= First Congress of Lithuanian Women =

The First Congress of Lithuanian Women (Pirmasis lietuvių moterų suvažiavimas) took place on in Kaunas (then part of the Russian Empire, now Lithuania). It was organized by Catholic priests in preparation for the October 1907 election to the third State Duma but discussed only cultural and economic issues. The organizers attempted to invite representatives of different social classes and political affiliations leading to disagreements between socialists and Catholic clergy, and between educated intellectuals and less educated villagers. The congress resolved to establish the Lithuanian Women's Union. However, disagreements between the liberals and the Catholics led to splintering of the women's movement and to the establishment of the Association of Lithuanian Catholic Women in January 1908. The Women's Union was officially established only in 1922.

==Organization==
The Lithuanian Women's Association was established in September 1905 during the Russian Revolution in Vilnius. It was organized and headed by women members of the intelligentsia. Different developments took place in Kaunas where women's issues were taken up by the members of the Catholic clergy, particularly by priest Povilas Januševičius. The priests organized the Society of Saint Zita for female servants and maids.

In preparation for the October 1907 election to the third State Duma, Januševičius organized the First Congress of Lithuanian Women (the women were not allowed to vote in the election). According to Sofija Kymantaitė-Čiurlionienė, the congress originated from an idea to establish a shop of homemade textiles and a need to recruit village women for the enterprise. There were very few women intellectuals in Kaunas. The priests selected seven women for the organizational committee, however, according to Kymantaitė-Čiurlionienė, only one of them – Cecilija Leonienė, the wife of attorney Petras Leonas – had attended a gymnasium. The organizational committee invited women from villagers (more conservative and Catholic) and the women intellectuals from Vilnius (more liberal and anti-religious).
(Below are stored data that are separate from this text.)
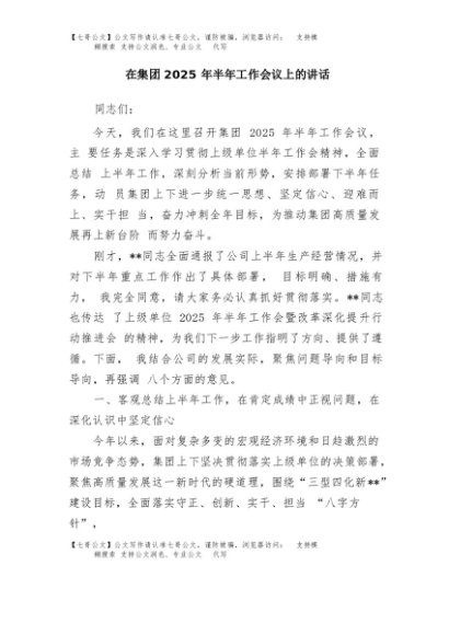 / 【七哥公文】2025年:在集团2025年半年工作会议上的讲话+更多免费公文+VX:QiGeGongWen2024
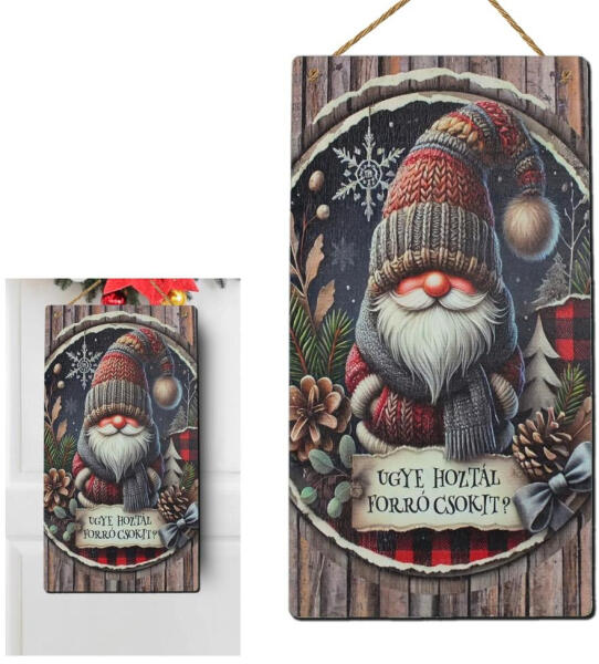 Nyomtatott fa tábla - Hoztál forrócsokit? manó 13x24, 3cm - papelito
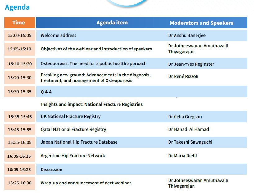Professors Jean-Yves Reginster and René Rizzoli, members of IOF’s Executive Committee, are among the many expert speakers. They will discuss the burden of osteoporosis and advances in its diagnosis and management. The event will also share best practices from countries that have successfully implemented National Fracture Registries. These registries have proven effective in improving fracture monitoring and treatment coverage, and the webinar will provide valuable insights for other nations seeking to adopt similar evidence-based strategies.

To obtain the government permit for the gathering, it would not discuss any social or political issues, only cultural and economic affairs.

==Proceedings==
The congress was opened by writer Gabrielė Petkevičaitė-Bitė. Priests then wanted to elect a board to preside over the congress with a priest as its chairman. Petkevičaitė felt it was insulting to the women and proposed herself as the chair of the congress. She also proposed Sofija Kymantaitė-Čiurlionienė and Marija Pečkauskaitė as vice-chairs, Ona Pleirytė-Puidienė as secretary, and Petras Leonas as advisor. According to Leonas, due to poor health and weak voice, Petkevičaitė presided over the proceedings only on paper; Pleirytė-Puidienė managed most of the actual work. None of the members of the original organizational committee got included on the board which left them feeling sidelined and snubbed.

The proceedings opened with a cantata about Lithuanian women composed specifically for the event by Ksaveras Sakalauskas-Vanagėlis. The first day featured several speeches and presentations on the women's movement in Lithuania by Leonienė, on hardships of village women by Julija Žymantienė-Žemaitė, on public duties (e.g. working as low-paid teachers or volunteer as nurses) of women intellectuals by Petkevičaitė, on women's professional education by Teresė Kubilinskaitė, on teaching the history of Lithuania by Kymantaitė-Čiurlioninenė, on women's honor by Pečkauskaitė, on schools, on ways to combat alcoholism, on homemade textiles, on vegetables and fruits. Most speakers stressed the need for education to improve one's circumstances. Women attendees also complained about their suffering – villagers about husbands who abused alcohol, city maids and servants about their exploitative employers. The women planned to publish a book will all presentations, but could not find a publisher. Three presentations were published in Vilniaus žinios.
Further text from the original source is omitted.